Des incidents auraient éclaté entre mardi et dimanche, mais les informations ne sont pas claires. Samedi, à Divo, on constatait toutefois des pillages de magasins et des dégâts matériels. Amadou Diallo avance un bilan provisoire des heurts de dimanche : « Les affrontements ont commencé vers 8h30. Nous déplorons un mort du côté du RDR. Hier, nous avions une dizaine de blessés, mais d’autres que nous n’avions pas vu se sont ajoutés ce matin, faisant une quinzaine de blessés ». Au FPI, les jeunes Patriotes n’étaient pas armés, mais que « les Dioulas du RDR ont fait de la casse dans les quartiers, qu’ils avaient des kalachnikovs, des fusils, des machettes. Ils ont fait 35 blessés parmi les Patriotes, dont 28 par balle. Il n’y a aucun mort chez les Patriotes et un officiellement chez le RDR », rapporte Boniface Attebe, premier responsable politique du FPI pour le département du Divo. L’Agence France Presse (AFP) rapporte pour sa part deux morts et 17 blessés.

Calme relatif

D’autres incidents auraient opposé les miliciens des deux partis. « Le 14 juillet, premier jour des audiences foraines, il y a eu des échauffourées à Abobo, mais les Forces de défense et de sécurité sont intervenues », explique Laurent Akoun, du FPI. « La semaine passée, ils y a eu des heurts à Oumé, Abengourou et Grand-Bassam (dans la banlieue d’Abidjan). Mais il n’y a pas eu de dégâts, les choses se sont limitées à des mouvements de jeunes », ajoute Imbassou Ouattara.

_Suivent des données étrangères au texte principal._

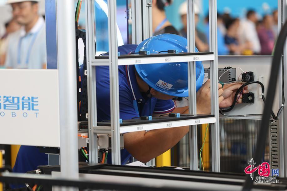 9月16日,第二屆全國技能大賽在天津開賽。圖為工業(yè)機(jī)器人系統(tǒng)操作項(xiàng)目選手正在參加比賽。中國網(wǎng)記者 倫曉璇 攝
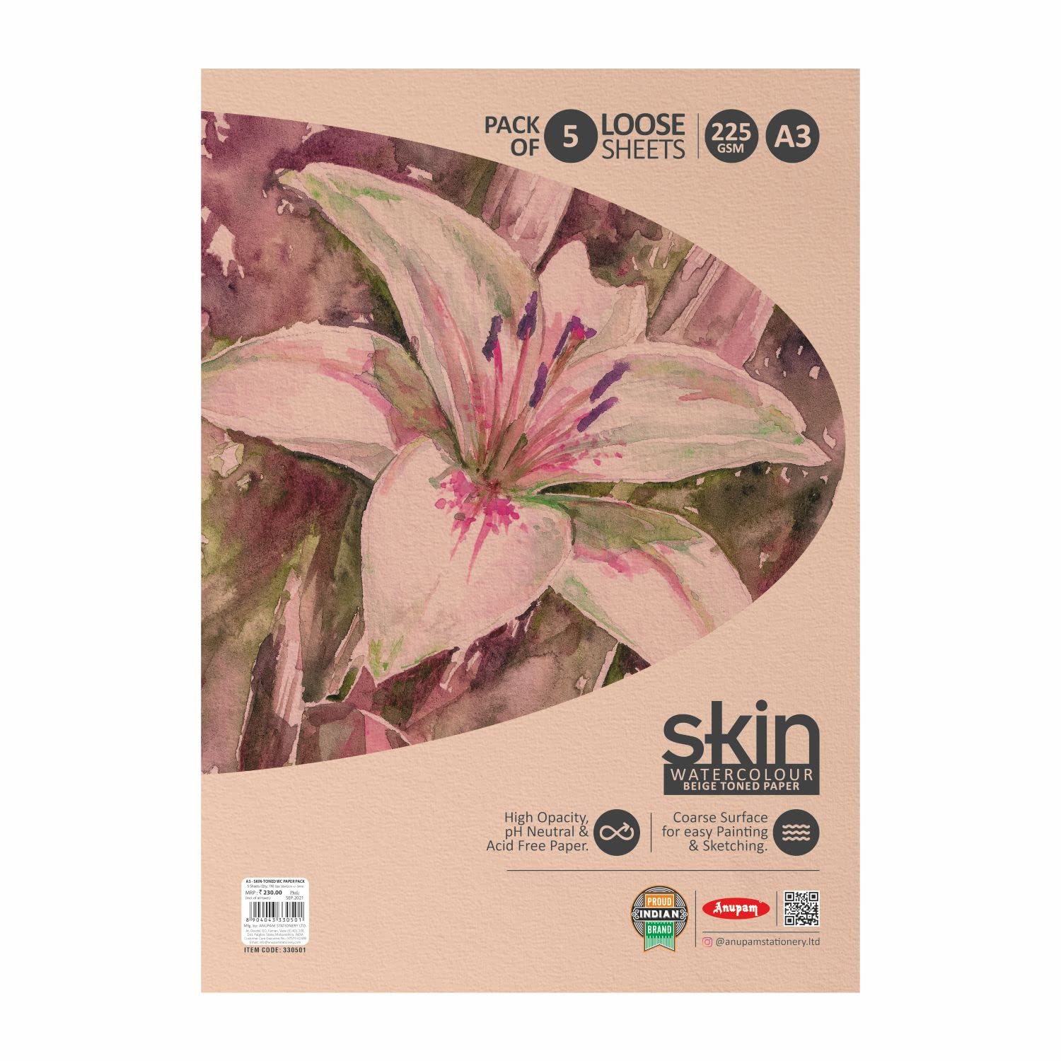 Anupam Skin Watercolour Beige Toned Paper - Acid Free - Cold Press Paper - 10 Loose Sheet - 225 GSM - A4
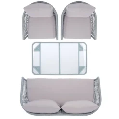 The classic barrel chair gets a streamlined modern update in this Belmi 4 Piece Outdoor Living Set. Featuring two arm chairs, a loveseat, and smooth glass top coffee table, the timeless silhouettes of Belmi’s seating is transformed for today’s outdoor entertaining with gray rope details and matching gray cushions. This conversation set adds a fresh look to any outdoor space.
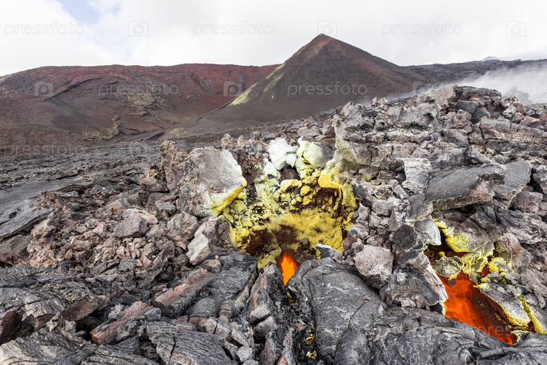 Дымящиеся, серные, активные фумаролы у вулкана Толбачик, Камчатка, Россия
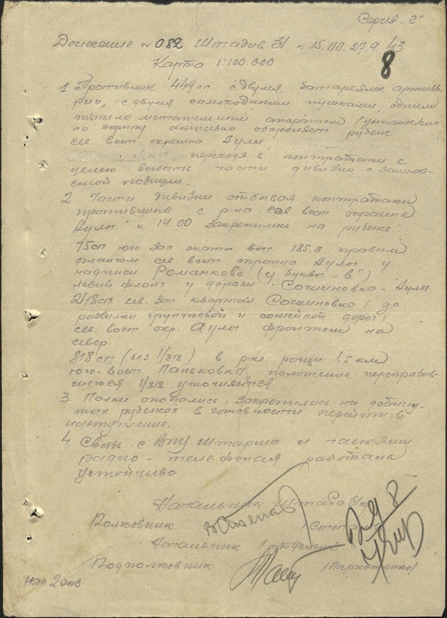 20. Боевое донесение № 16/оп 26.09.43 от 8-30 утра. 46 А
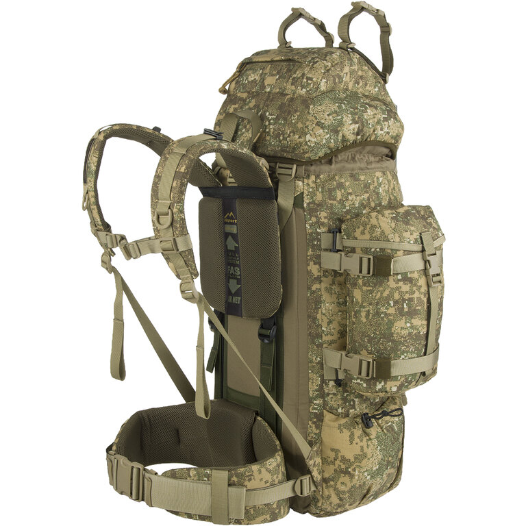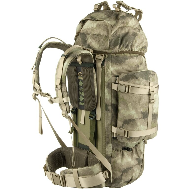K dalšímu uložení pak slouží popruhovina, batoh je také MOLLE kompatibilní, takže je možné k němu upevnit další MOLLE kompatibilní vybavení (sumky, kapsy a podobně). Batoh samotný je pak dodáván se 2 přídavnými bočními kapsami Wisport Reindeer ve velikosti M.
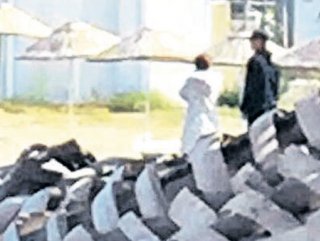 Sahilde yürüyüş yapan çift zaman zaman birbirlerine sarılıp öpüştü.
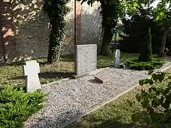 Das Gelände ist von einer Ziegelsteinmauer eingefriedet. Ein Denkmal erinnert an die Gefallenen aus dem Zweiten Weltkrieg, ein Findling an den Heimatdichter Hermann Thomas (1855–1931).
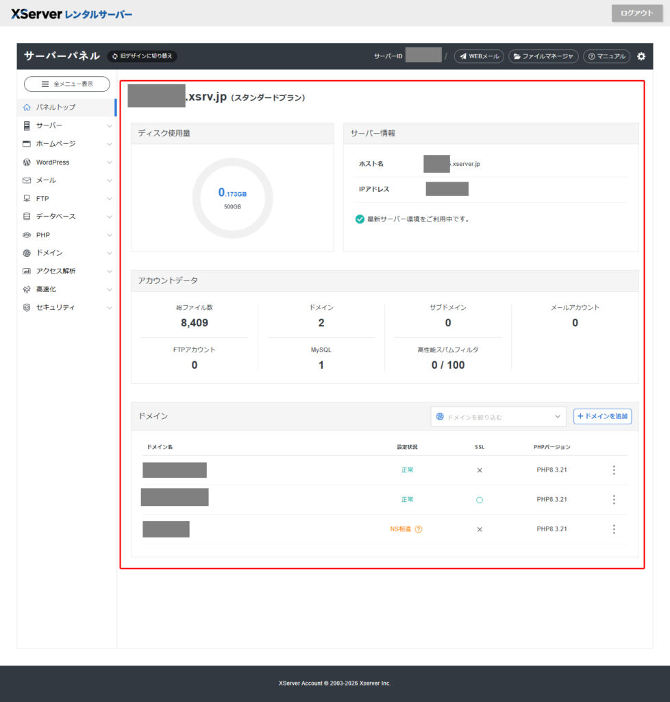 Xserverの新サーバーパネルは、左メニューに機能がぎゅっと詰まっています。ただ、最初は「どれが重要で、どれは触らなくていいのか」が分かりづらいかもしれません。
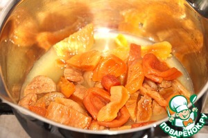 Для начинки промытую курагу залить апельсиновым соком в небольшой кастрюльке, довести до кипения и потомить на среднем огне 1 минуту. Огонь убрать, дать настояться 15 минут. Переложить в чашу блендера и измельчить до состояния пюре. Полностью остудить.
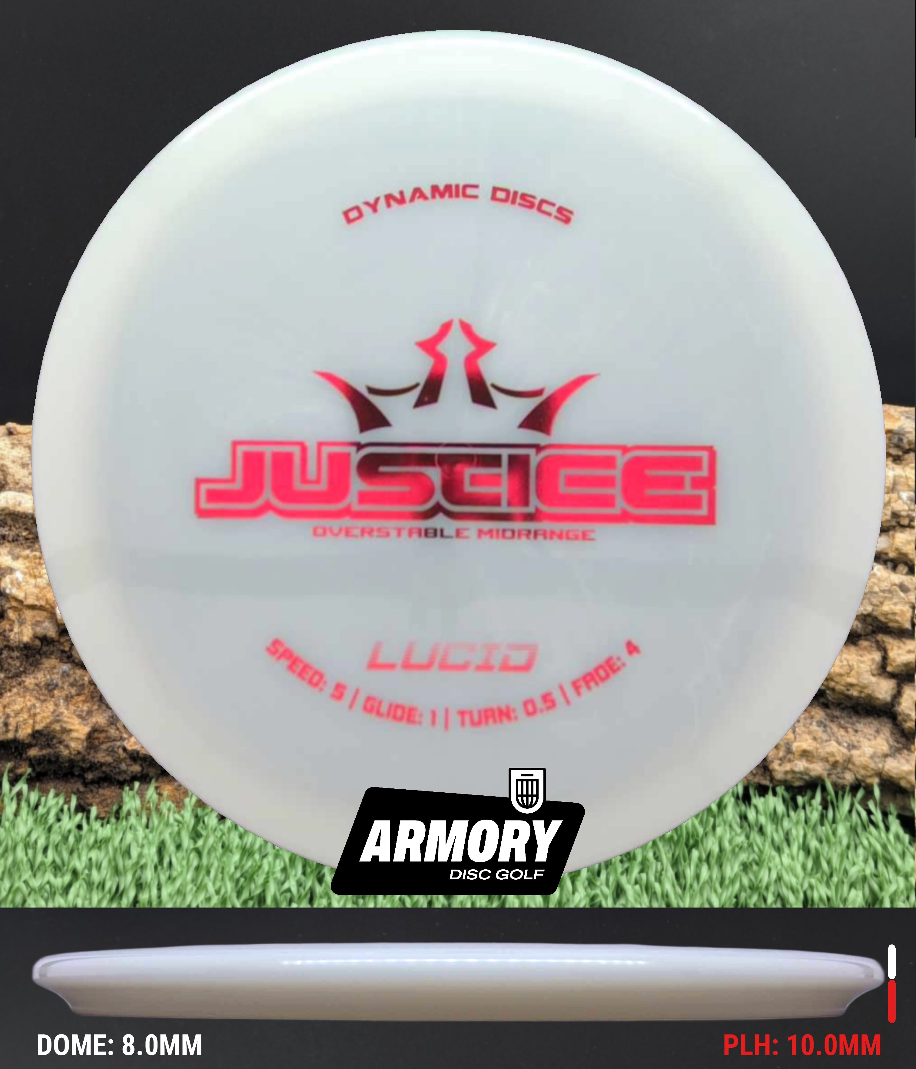Designed as an ultra-overstable midrange, the Justice is a true utility disc that thrives in conditions where other mids fail. With extremely low glide and a powerful, dependable fade, the Justice refuses to turn over, even when thrown hard or into heavy headwinds. When you need a short-range solution that absolutely must finish left and stay on line, the Justice delivers every time.
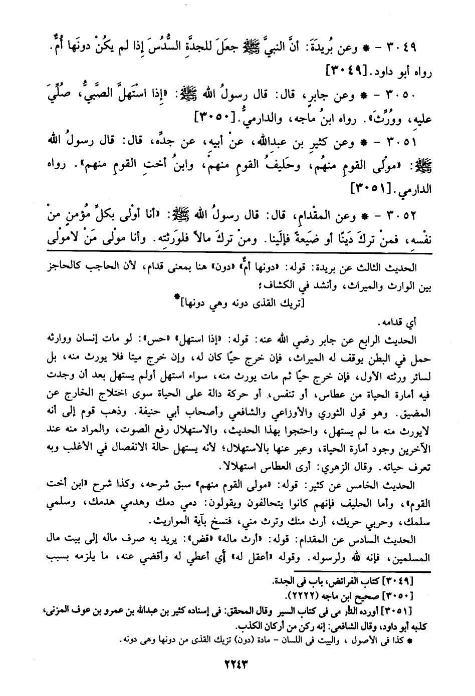3049 - وعن بريدة: أن النبي صلى الله عليه وسلم جعل للجدة السدس إذا لم يكن دونها أم. رواه أبو داود. [3049]
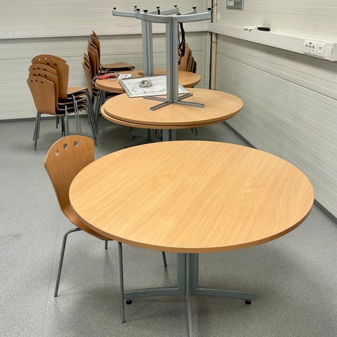 Stolene har en del bruksmerker men er ellers solide. Kjøpt på finn for et år siden men ble aldri tatt i bruk hos meg. Må hentes. 500kr for alle stolene
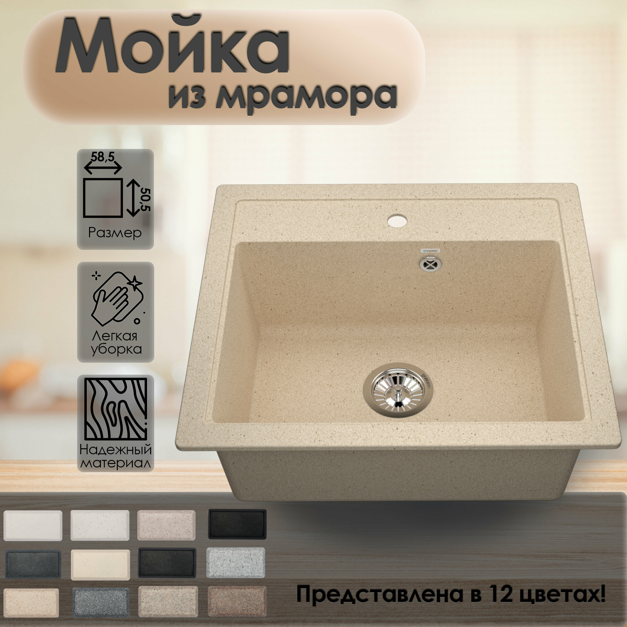 Купить Мойка для кухни VIGRO врезная из искусственного камня (58.5*50.5 см), латте

Les Forces de défense et de sécurité se sont déployées dimanche soir pour rétablir le calme. Certains parlent même d’un couvre-feu. L’AFP indique que des renforts de cette force loyaliste se sont déployés à Daloa, Yamoussoukro et Abidjan et que la Mission des Nations Unies en Côte d’Ivoire a également envoyé des soldats. Cela suffira-t-il à refroidir les ardeurs ? Selon l’AFP, le patron du RDR a souligné qu’il « ne [peut] pas lancer d’appel au calme tant que [ses] militants sont menacés ».